Fenômeno é comum nos períodos de calor e chuva e pode indicar a formação de novas colônias
Com a combinação de temperaturas elevadas e maior umidade, os chamados cupins alados, conhecidos popularmente como siriris, aleluias ou bichos de luz, passam a aparecer em grande quantidade ao redor de lâmpadas, postes, telas de celulares e outros pontos iluminados.
Segundo especialistas do Instituto Biológico, ligado à Secretaria de Agricultura e Abastecimento de São Paulo, essas grandes concentrações de insetos fazem parte do chamado voo nupcial, etapa fundamental para a reprodução da espécie e a criação de novas colônias.
Por que os cupins se juntam na luz?
Durante os períodos mais quentes e úmidos do ano, machos e fêmeas férteis deixam suas colônias em busca de parceiros de outros grupos, aumentando a diversidade genética.
A luz funciona como um atrativo natural para esses insetos, que se concentram em grandes grupos antes do acasalamento.
Após o voo, eles pousam, perdem as asas e iniciam a procura por um local adequado para construir uma nova colônia.
Sinais de infestação
A presença frequente de cupins alados pode indicar infestação próxima. Entre os principais sinais estão:
- Asas transparentes espalhadas pelo chão;
- Resíduos semelhantes a serragem;
- Pequenos montes de pó de madeira;
- Móveis ocos ou enfraquecidos.
Como evitar problemas
A Vigilância Sanitária recomenda algumas medidas preventivas:
- Manter ambientes secos e ventilados;
- Evitar acúmulo de madeira em locais úmidos;
- Fazer inspeções periódicas em móveis e estruturas;
- Instalar telas em portas e janelas durante períodos de revoadas;
- Procurar avaliação especializada em casos de infestação recorrente.
Apesar dos prejuízos, eles têm papel importante na natureza
Embora sejam conhecidos pelos danos que causam em móveis e estruturas de madeira, os cupins desempenham funções essenciais para o meio ambiente.
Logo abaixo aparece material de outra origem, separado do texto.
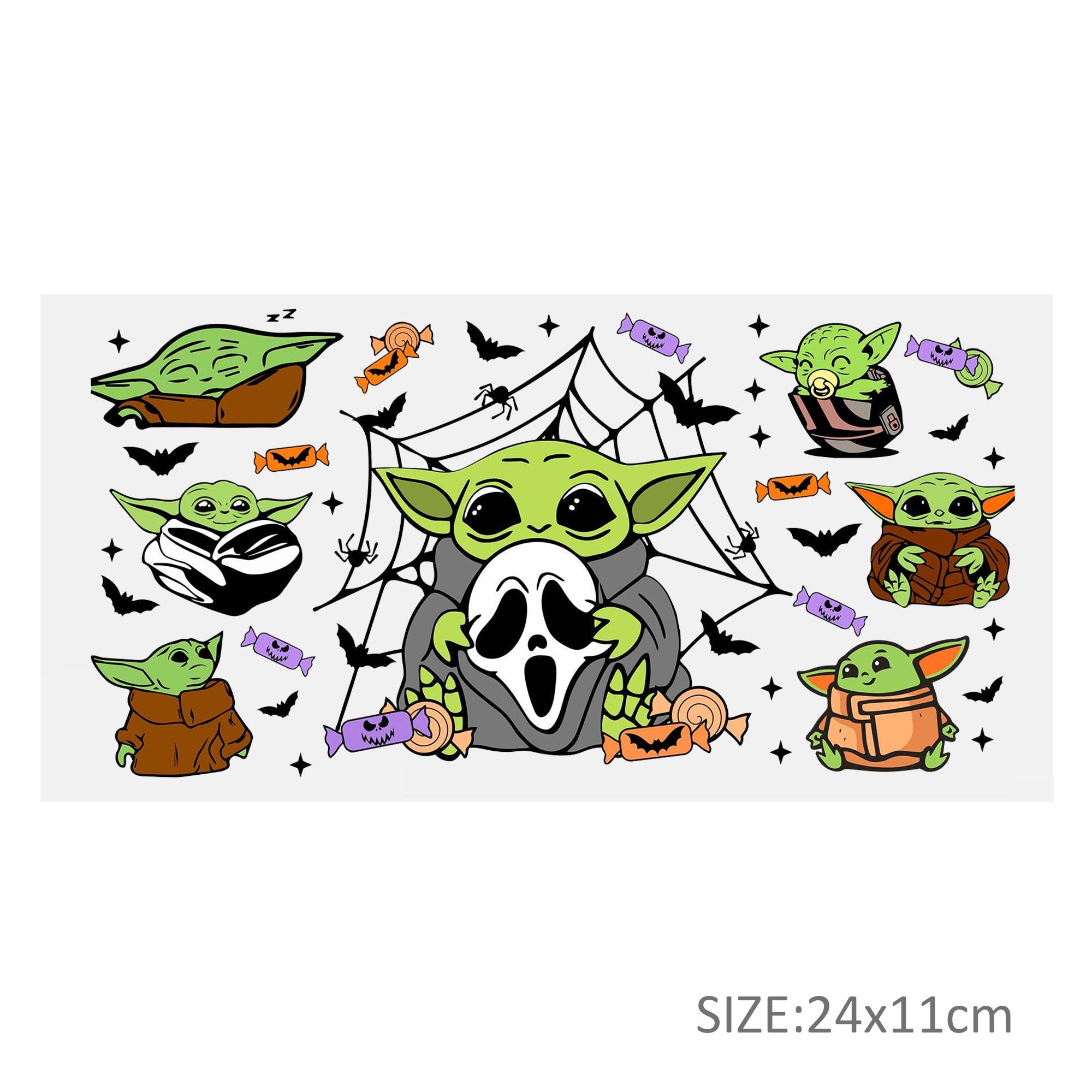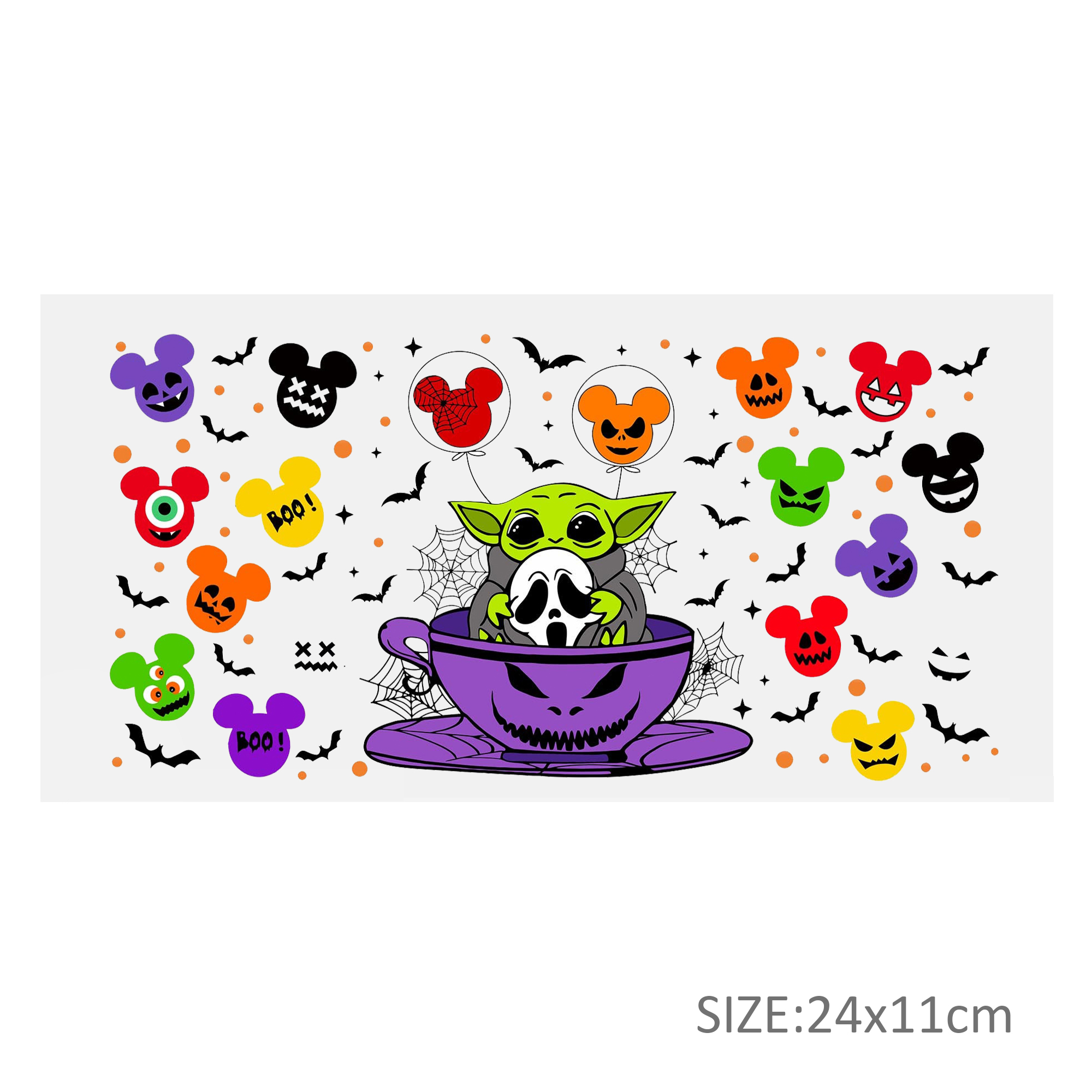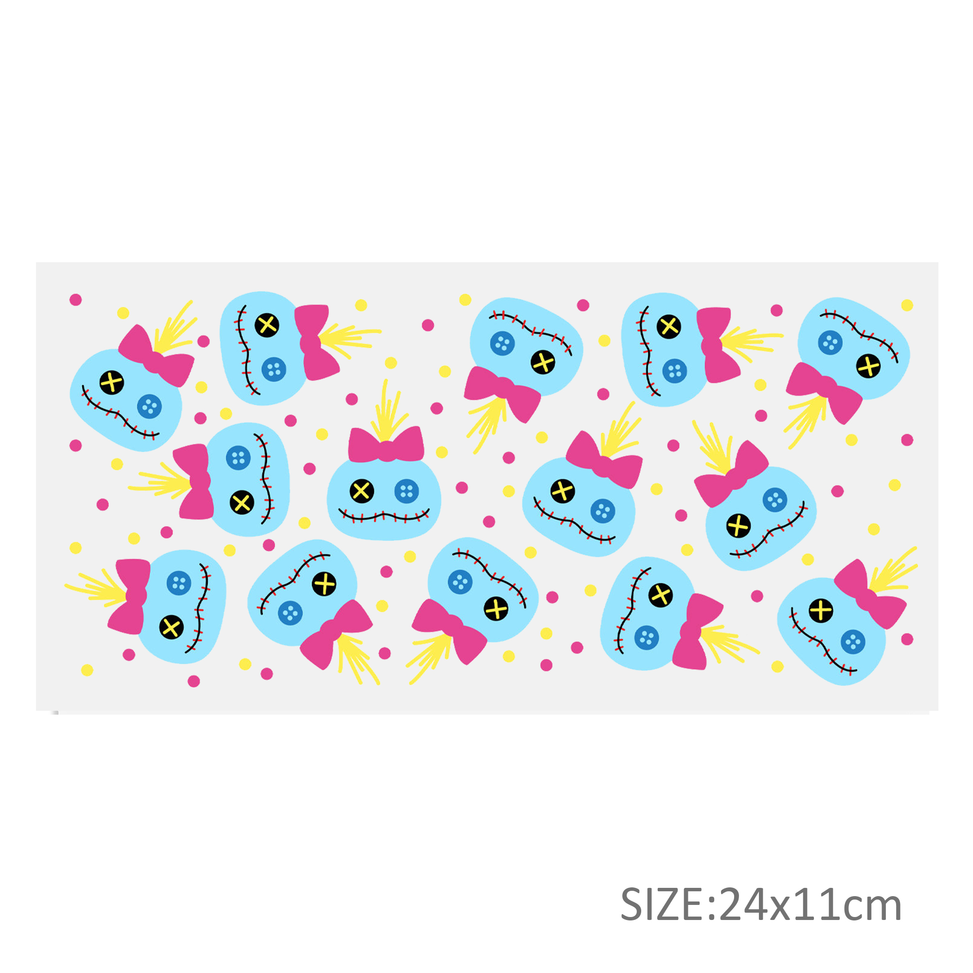 This listing includes one (1) UV DTF adhesive cup wrap designed for a 16oz Glass Cup. (Cup not included.)Premium printed UV DTF wrapPermanent and waterproofCup Wrap Transfer Size: 240x110mm or 240x105mmThe print follows the design draft shown in the pictures. Some styles may feature retro, scratch, crayon graffiti, or other effects, which are intentional and not print machine issues. Please carefully review the style image before purchasing.Some patterns are intricate with many lines, which may result in some glue remaining on the edges after applying the pattern. This is normal. If this concerns you, please reconsider before placing an order.The price is for a single piece (as shown in the picture). Refunds will not be accepted for customer errors regarding quantity or price. Please carefully review before purchasing.How to Apply:Use a vinyl felt squeegee or your hands to press over the design.Peel the design off the transfer backing.Position the design on your cup, starting from the center and working outward.Press the design onto the cup/surface with your fingers or a vinyl felt squeegee to help it adhere.Remove the clear film, and voilà!Please note, the adhesive is extremely strong. Once the decal is placed, it cannot be removed. Wait at least 24 hours after application before using or washing the cup.🖤 Each cup/tumbler may vary in size, so you may need to cut or adjust the wrap/decal accordingly. Our wraps are made to a standard size. We are not responsible for wraps/decals that are incorrectly applied or damaged during application.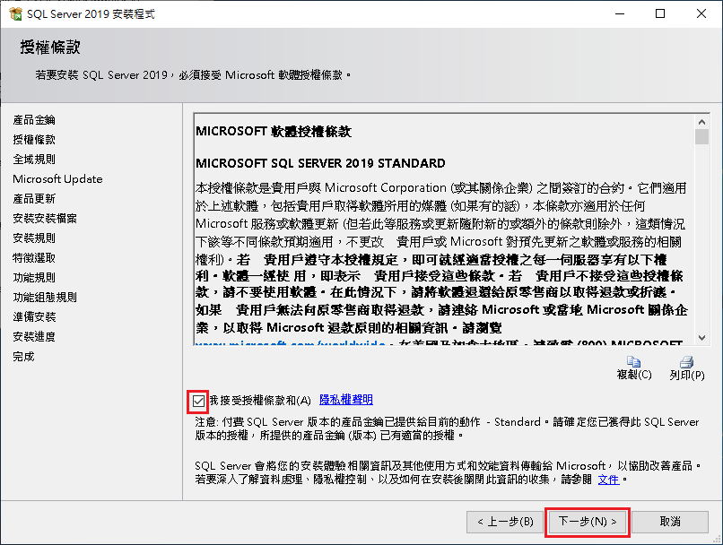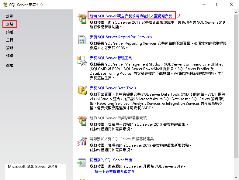 SQL Server 2019 Standard 繁體中文標準版安裝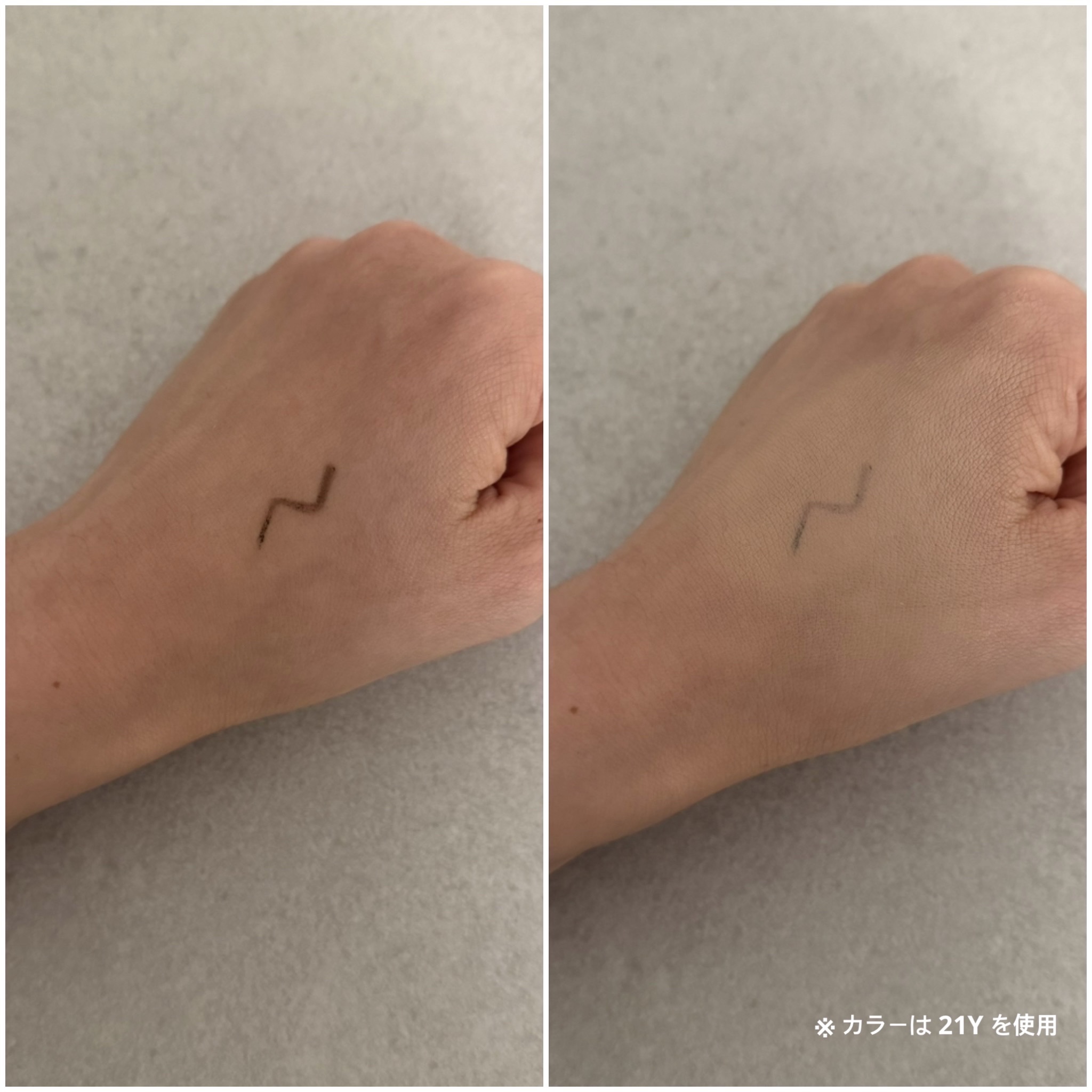 | 色味はピンク味を感じる肌色で、完全なベタっとしたマットではなくほのかなツヤ肌になります。 | 詳細を見る |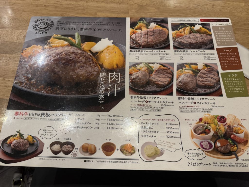 席に着き、メニューを開きます。メインはやはり「蓼科牛100%ハンバーグ」ですが、様々なサイズやセットが用意されています。

Eles ajudam na decomposição da matéria orgânica, contribuem para a fertilização do solo e servem de alimento para diversas espécies de aves, mamíferos, anfíbios e répteis.
Existem cerca de 3 mil espécies de cupins no mundo, sendo aproximadamente 350 encontradas no Brasil. Alguns indivíduos podem viver apenas dois anos, enquanto as rainhas podem sobreviver por décadas e produzir milhares de ovos diariamente.